#### [Task requirements]
Give a verbatim copy of the lines below, minus the pictures.

#### [Recorded data]
Segment Open

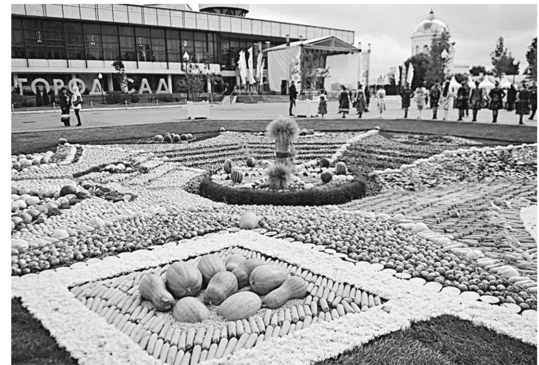
Плодово-овощной ковер покрыл центр Советской площади.

Изначально выставка-ярмарка «Воронеж – город-сад» была создана для развития современных направлений ландшафтного искусства, а также для воспитания горожан и повышения эстетического уровня города. Но с каждым годом она превращается в площадку для современного искусства, даёт воронежцам уникальную возможность оценить профессионализм людей, создающих рукотворную красоту и преобразующих окружающий мир.
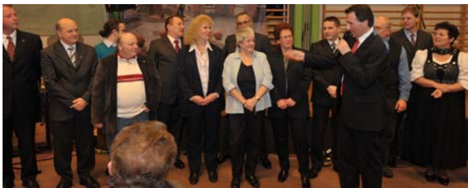
Der Gerasdorfer Gemeinderat als Team: alle anwesenden Stadträte und Gemeinderäte werden persönlich vorgestellt

Segment Closed

#### [Solution for this exercise]
Плодово-овощной ковер покрыл центр Советской площади.

Изначально выставка-ярмарка «Воронеж – город-сад» была создана для развития современных направлений ландшафтного искусства, а также для воспитания горожан и повышения эстетического уровня города. Но с каждым годом она превращается в площадку для современного искусства, даёт воронежцам уникальную возможность оценить профессионализм людей, создающих рукотворную красоту и преобразующих окружающий мир.
Der Gerasdorfer Gemeinderat als Team: alle anwesenden Stadträte und Gemeinderäte werden persönlich vorgestellt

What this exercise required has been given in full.